** SOURCE DATA **
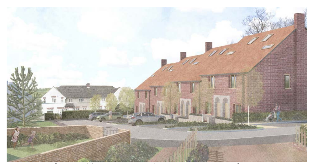
Image 6: Sketch of front elevation - facing onto Hawthorn Crescent
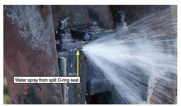
Post-accident test using water to simulate fuel spray
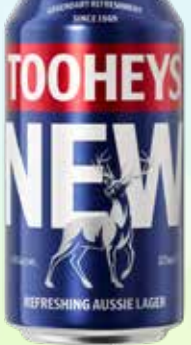
Tooheys New 30 Block cans
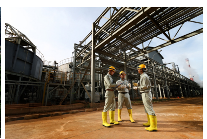
Pomalaa Ferronickel Plant
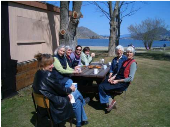
Hotplate workshop participants enjoying a sunny moment

16. Issue, July 2008 Editor: Thea Haubrich
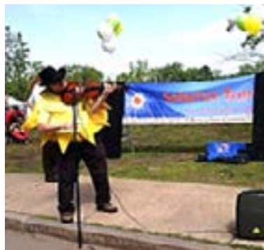
Solarize Troy Launch Event
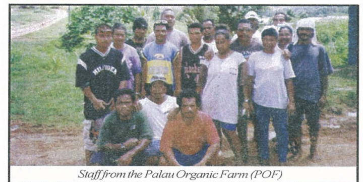
Staff from the Palau Organic Farm (POF)
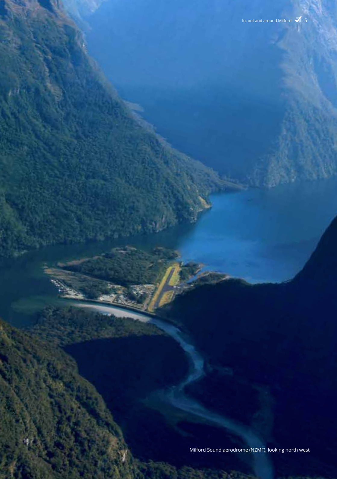
Milford Sound aerodrome (NZMF), looking north west
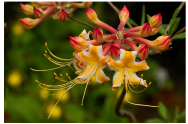
'Millie Mac'.

native wild Pieris , one now is luxuriant in the shade house. It bloomed from early March through mid-April. Since pollinators are largely excluded from the plants within this structure, flowers of azaleas, lady slippers and this Pieris (Pieris floribunda) last for many weeks.
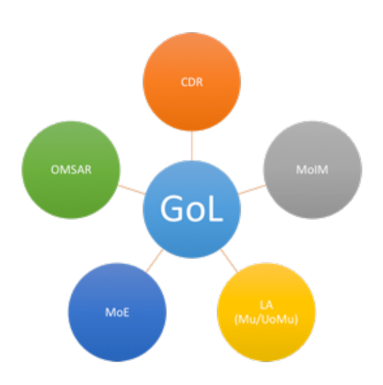
Figure 2 Key governmental actors SWM: MoE, OMSAR, CDR, MoIM, Local Authorities (LA) (Municipalities (Mu)/ Unions of Municipalities (UoMu)).

Lebanon.<sup>104</sup> Additionally, the different ministerial entities responsible for elaborating the solid waste strategies have shaped the outcome of the plans.

** REQUIRED ACTION **
Could you set down nothing but the lines from the one containing "Hotplate workshop participants" through the last line of the records above, both ends included, exactly as given and free of pictures?

** YOUR SOLUTION **
Hotplate workshop participants enjoying a sunny moment

16. Issue, July 2008 Editor: Thea Haubrich
Solarize Troy Launch Event
Staff from the Palau Organic Farm (POF)
Milford Sound aerodrome (NZMF), looking north west
'Millie Mac'.

native wild Pieris , one now is luxuriant in the shade house. It bloomed from early March through mid-April. Since pollinators are largely excluded from the plants within this structure, flowers of azaleas, lady slippers and this Pieris (Pieris floribunda) last for many weeks.
Figure 2 Key governmental actors SWM: MoE, OMSAR, CDR, MoIM, Local Authorities (LA) (Municipalities (Mu)/ Unions of Municipalities (UoMu)).

Lebanon.<sup>104</sup> Additionally, the different ministerial entities responsible for elaborating the solid waste strategies have shaped the outcome of the plans.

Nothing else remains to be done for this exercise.